Via ConvergEx's Nick Colas,

In today’s note we address both topics with a range of Google Trends analysis, looking at what both employers and prospective employees plug into the ubiquitous online search engine.  Key conclusions: there is no evidence of any faster pace of hiring, and the trend of hiring part time labor over full time is both strong (a 3:1 ratio) and accelerating.  As far as where online interest in available jobs runs deepest, Google outpaces Facebook and Apple by over 2:1, but interest in working at Twitter just surpassed searches for “Work at Microsoft”.  Stock markets clearly guide how a society allocates its intellectual capital, perhaps more than historical experience would indicate.

The good times in U.S. equities – and many other global stock markets - are undeniable, but it will be time to worry again soon enough.  Rallies – such as the one we’re seeing at the moment – create future obligations.  In this case, the +23% return for 2013, plus whatever we tack on between now and the end of the year, is essentially a promise of good news to come.  Markets discount the prevailing view for growth in the economy and corporate earnings.  And right now, the market weatherman is calling for sunny skies and fair weather for 2014.

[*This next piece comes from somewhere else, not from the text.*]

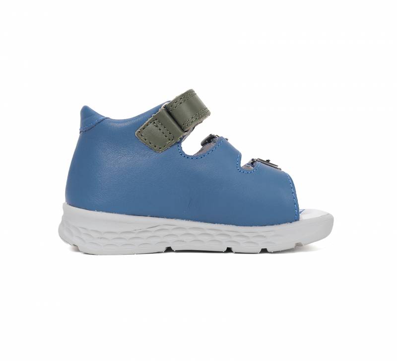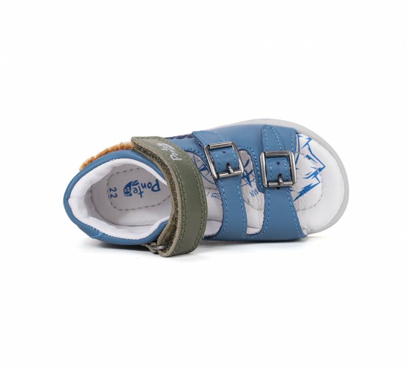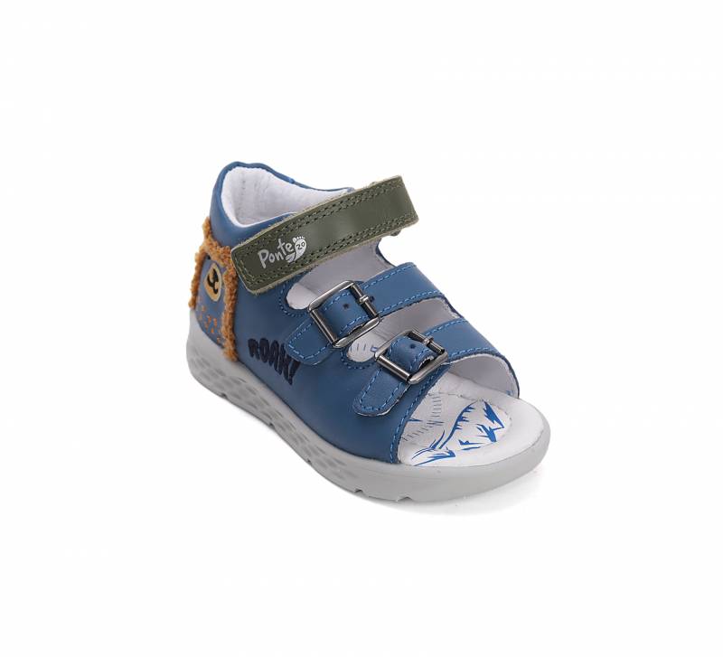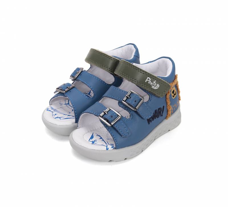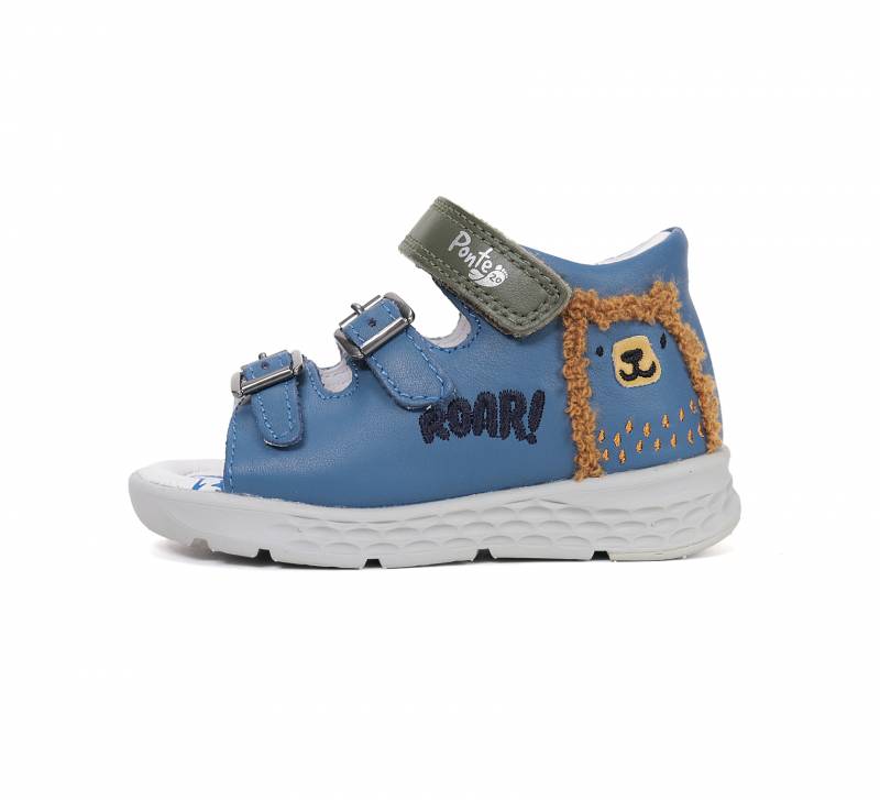 Medve figurás kis szandál olyan fiúknak, akiknek befele dől a lábuk. A szandál szupinált talpa egyenesbe hozza a lábakat, így megelőzi annak rosszul fejlődését. Két csattal, valamint egy tépőzárral állítható. A sarkán jól tart a cipő kérge, enyhén magas is.

The linchpin issue for global stock returns in 2014 centers on one group of people: the 11.3 million unemployed workers in the United States.  That isn’t to dismiss those suffering from unemployment in Europe, for example, or elsewhere in the world.  That 4.5% of the U.S. adult non-institutionalized population does, however play a critical role in the future returns for stocks globally.  Here is why:

U.S. labor markets have been stuck in first gear since 2011, generating an average of only 170-180,000 jobs over the past 12 months.  After natural population growth (100,000/month) that means only 70-80,000 jobs added, or 0.05% of the population.


The Federal Reserve has tried to juice the economy with Quantitative Easing, pushing capital into the financial system by buying Treasury and mortgage backed bonds.  That has kept interest rates low, spurred the purchase of autos and homes, and helped give the U.S. the limited employment growth we mentioned above.


The ebbs and flows of the Fed’s commentary regarding QE – its ongoing duration and amount – have become heavily correlated with global equity returns.  You don’t have to look any further than the June Fed press conference or the last FOMC meeting to prove that.  Chatter about “Tapering” the QE program causes a pullback, while confidence that it will continue lifts risk assets higher.  I am sure you can find academics or market watchers who will tell you this is just ‘Correlation’ and not ‘causation’.  Feel free to listen to them, but don’t invest with them.  Ever.


Given the anemic October employment report, the recent government shutdown, and concerns over the U.S. consumer, it seems unlikely the Federal Reserve will reduce its bond buying until 2014.  That leaves stocks to rally into the end of the year.  Easy peasy, right?


But then what?  The U.S. economy and public companies will have to deliver on the implicit promise of record high stock prices with a combination of faster economic growth and better earnings.  The connective tissue between those aspirations is incremental domestic job growth.


Can’t the Fed just keep lifting stocks higher with more QE, regardless of where the U.S. economy ends up?  They can try, but there has been enough reporting on the opinions of the members of the Federal Open Market Committee for us to know that the Fed is growing concerned over the chance for a bubble in risk assets, including stocks.  The world gives the U.S. a lot of collective slack because of its reserve currency status, but everything has a limit.  As the Fed approaches a $4 trillion balance sheet ($3.8 trillion as of October 13, or 24% of GDP), policymakers know they are closer to the end of QE than the beginning.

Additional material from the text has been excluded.